Yavuzyılmaz, seçim sürecinde yaşanabilecek şiddet olaylarına ait değerlendirmesinde ise şunları kaydetti:

“Türkiye’nin bir 2015 deneyimi var, iki seçim ortası yaşanan şiddet olayları, güvenlik meseleleri. Bu seçimde de bu türlü bir şey olma potansiyelinden bahsediliyor. Seçimler de bir demokrasi şölenidir. Rekabetin, farklı fikirlerin çatıştığı ve demokratik şartlarda verilen oylarla iktidarın belirlendiği bir aktivitedir aslında seçimler. Ancak Türkiye’de bilhassa sandık güvenliğine ait tartışmalar ya da siyasi partilerin vilayet başkanlıklarına yapılan hücumlar, çeşitli münferit ataklar Türkiye’deki yetkililer tarafından acilen çözülmesi gerekiyor. Bütün bunların kökeninde aslında bizim çok derecede kutuplaşmış siyasi ve toplumsal iklimimiz yatıyor. Siyasalların kullandığı çok kutuplaştırıcı lisan bu türlü akınların artmasının potansiyelini de arttırıyor. Buradan o çağrıyı da yapmak lazım; seçim sürecinde nefret lisanı, karşı tarafı külliyen öteki ve düşman olarak gören lisanın de politikler tarafından kullanılmaması, bu tip olayların da önüne geçilmesinde bir etken.”

“ADİL VE ÖZGÜR SEÇİM KAPASİTESİNİ YARATACAK ISLAHATLARIN ÜZERİNDE SEÇİMDEN SONRA DURULMASI GEREKİYOR”
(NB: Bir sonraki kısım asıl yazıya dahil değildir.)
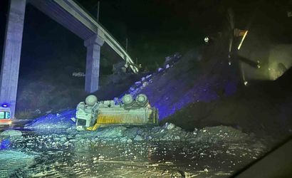 Bilecik’te YHT şantiyesinde kamyon 15 metre yükseklikten devrildi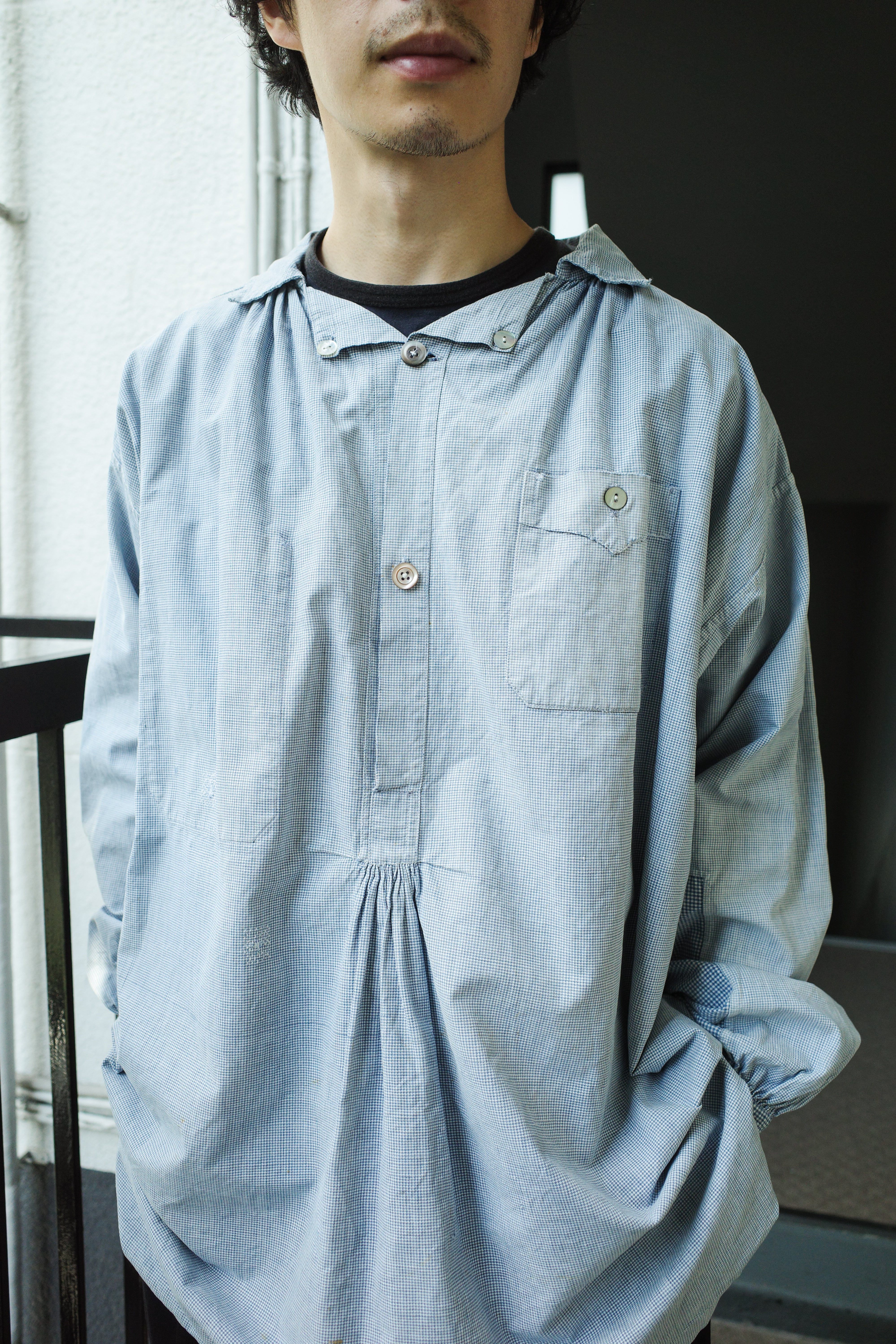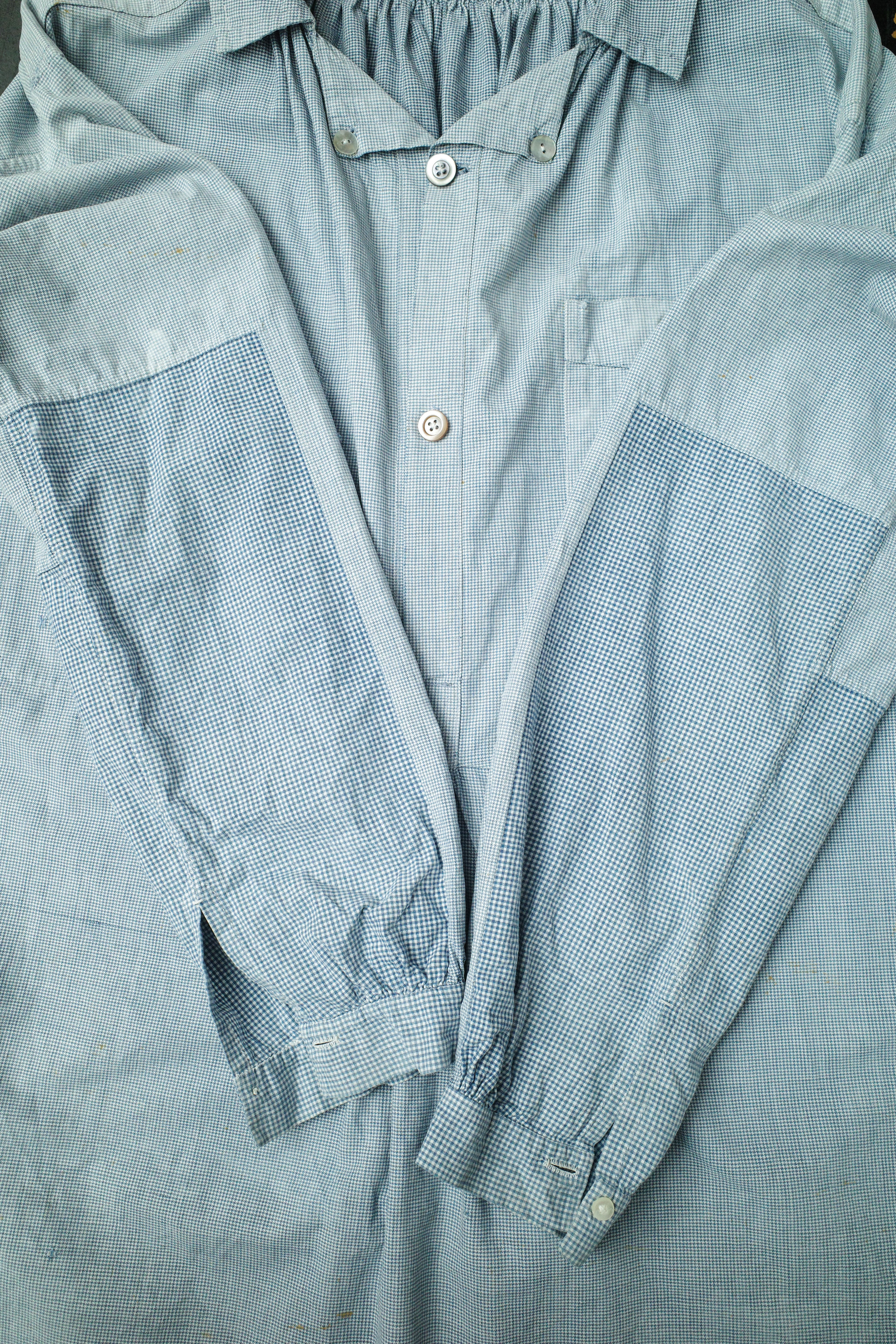 滑らかな高密度コットン生地や、古いシェルボタン、細かく入ったギャザーなど、当時ならではのディテールをぜひお楽しみください。

Adil ve özgür seçimlerin demokrasinin temel şartı olduğuna değinen Yavuzyılmaz “Türkiye bu bahiste çok erozyona uğradı” sözlerini kullandı. Yavuzyılmaz kelamlarını şöyle bitirdi:

“Biz bu seçimleri konuşurken kampanya finansmanını konuşmamız lazım, kamu kaynaklarının partizan kullanılmaması gerektiğini konuşmamız lazım, siyasi partilere ve adaylara medyaya erişimin eşit imkanlar tanınarak sağlanması gerektiğini konuşmamız lazım. Sandık güvenliği bu halkadan yalnızca bir tanesi. Kıymetli bir tanesi fakat demokratik seçimler aslında siyasi partilerin aday gösterme metotlarından başlıyor, oyların sayılması, açıklanması ve iktidarın el değiştirmesine kadar devam eden bir süreç. Biz yalnızca seçim gününü konuşmuş olduk lakin bunun çok uzun erimli, öncesinin ve sonrasının da olduğunu düşünerek Türkiye’de adil ve özgür seçim kriterlerini yerine getirecek seçimler yapabilme kapasitesini yaratacak ıslahatların üzerinde seçimden sonra durulması gerekiyor.”